Episode 139 Proper 26B
Hello and welcome to the Pulpit Fiction Podcast, the lectionary podcast for preachers, seekers and Bible geeks. This is episode 139 for Sunday November 1, Proper 26, Year B.

Introduction and Check-in  

Quick-Fire Scripture: Hebrews 9:11-14 Christ the perfect sacrifice

  • If you’re into sacrificial blood atonement, you’re going to love this. If not, it is at least important to know how this thought process works.
  • High priest makes a blood sacrifice to God, but Jesus is a more perfect High Priest because he used his own blood.
  • If the blood of animals worked, how much more will Jesus’ blood work? (This is a common rhetorical device of Paul, to present one truth, and then another that is even more apparent)
  • Incarnation is at the heart of this, and could be the way to go if you think of atonement in other ways.
  • There is no intermediary between the people and God.
  • Jesus, in becoming human, bridged the gap between God and humanity, so he is able to restore the relationship in ways that nothing else can.
  • There is no need for sacrifice or any more because in Jesus, our restoration was made complete.

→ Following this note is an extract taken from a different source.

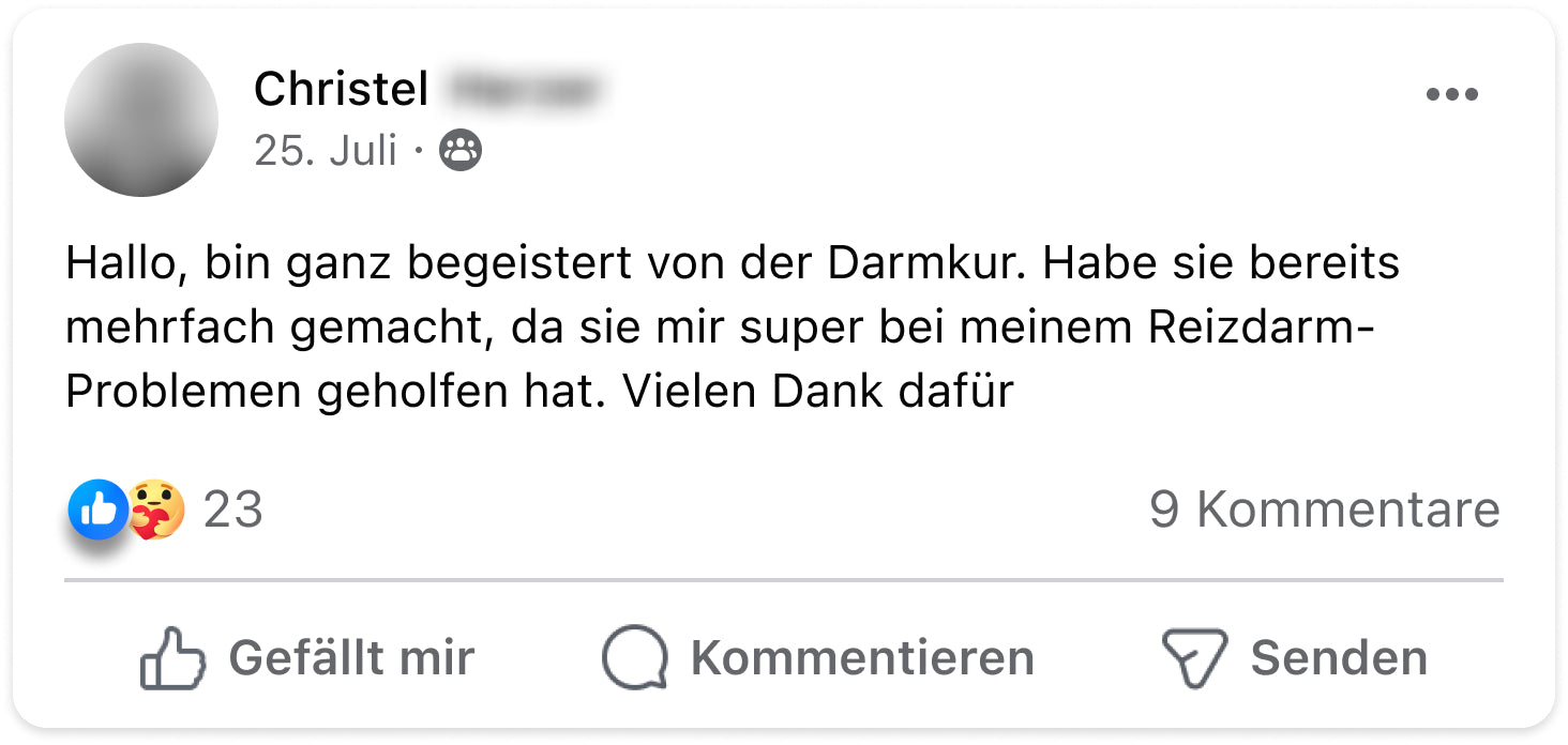 Meine Tochter hat mich zu der Darmkur gebracht. Sie meinte "Mama, du siehst hochschwanger aus", weil mein Bauch nach dem Essen immer so anschwoll. Ich konnte nicht mehr schlafen, es hat nur im Bauch gegurgelt und mir war schlecht. Jetzt fühle ich mich wieder gut und bin wirklich glücklich. In Zukunft werde ich die Darmkur mindestens einmal im Jahr machen. 😊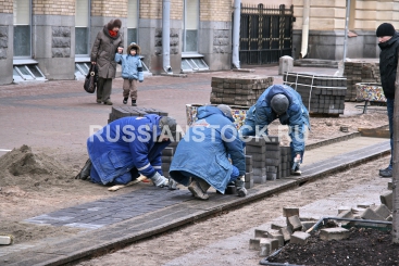 Рабочие выкладывают плитку.

Featured Musician -  Richard Bruxvoort Colligan with “God of Jacob, Hallelujah” from his album Shout for Joy.

DONATE- new site! Consider us for your upcoming budget!

Gospel Reading: Mark 12:28-34 The Greatest Commandment
Initial Thoughts

  • One of Jesus’ greatest hits.
  • Task of the preacher is to make this fresh - realizing it is possible some haven’t heard this before.

Bible Study

  • Literary Context

    • “One of the legal experts saw the disputes and saw how well Jesus answered them.” What were the nature of the disputes:
    • Jesus’ parable of the tenant farmers who beat up his managers, and then kill his son.” Legal experts see that this is a story against them, so they “wanted to arrest Jesus.”
    • Traps:

      • Should we pay taxes to Caesar?
      • Who is the woman going to be married to in the resurrection?
    • Then this legal expert seems to ask a genuine question, and has a conversation.
  • The conversation is familiar, but nuances of Mark are interesting.

    • Scribe asks “What is the greatest commandment?
    • Jesus responds “Love God with all your heart, with all your being, with all your mind, and with all your strength.”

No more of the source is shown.